On Mon, 18 Jun 2012 10:27:59 +0200, Oliver Tappe <zooey@xxxxxxxxxxxxxxx> 
wrote:
> In your example above, you seem to assume that packages declare 
> dependencies 
> on exact versions of other packages (package A requires package B in 
> version 
> 1.6). What should happen if package B v1.6.1 is the only one 
> available? It 
> doesn't match v1.6, but it may (or may not) be compatible ...
This information can be known by package B. For example package B v3.5 
have information that version range 1.0 - 3.5 is compatible with it. 
When resolver will try to find package, compatible with B v1.6, package 
B v3.5 will be found becouse 1.6 contains in range 1.0 - 3.5. Also 
version range can be applied not only for a package but for individual 
items in a package.

In this case package developer don't need to find what services of 
imported package he need, he just set imported package version that he 
use, compatability is a problem of dependency packages.
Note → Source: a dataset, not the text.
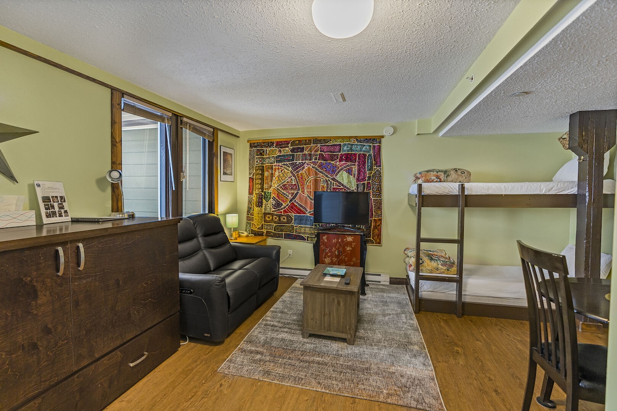 The perfect TRUE ski-in/ski-out ground floor studio unit, that is close to the hot tubs, common room, laundry room, waxing room & parking. Ski right from your door, and to your door! The unit has great views of the hill and is an easy walk to Tube Town, skating on Brewers Pond and SilverStar Village, and offers easy access to snowshoe and cross-country ski trails. There is free parking, Smart-lock Self-Check-in, coffee and tea supplies, and is well stocked with condiments and pantry items.
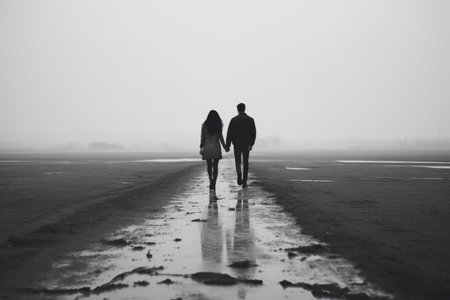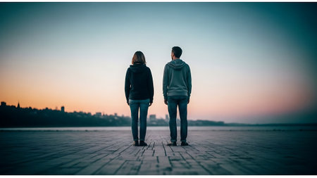 couple silhouette at dusk, generative ai

> In order to allow for that (and to increase the flexibility), Haiku's 
> packages don't declare dependencies on exact versions of other 
> packages 
> (package A requires package B in version 1.6), but on abstract 
> resolvables 
> (package A requires something providing B in a version compatible 
> with ABI 
> 1.6).
In what way abstract resolvables will be defined?

> unless it failed because of a timeout, which just indicates that 
> the problem is too complicated
Can SAT-solver guarantee that if developer package his software 
correctly this will never happens?


Also it is good to mention, that linux packages is maintained by army 
of linux distribution maintainers. Without maintaining package can stop 
working for some unknown reason(someone break binary compatability, new 
GCC appeared and many others). While this is OK while all packages can 
be tested manually, this is absolutely unacceptable for commertical and 
independent packages(Haiku will has that, won't it?). Developers of 
such packages don't know about each other and test only their software, 
not all avalible. They don't know what future versions of dependency 
packages will arrive. User must have ability to use such packages in 
any combinations, even if packages is 10 years old. Also he need to 
know what he need to install to use a package.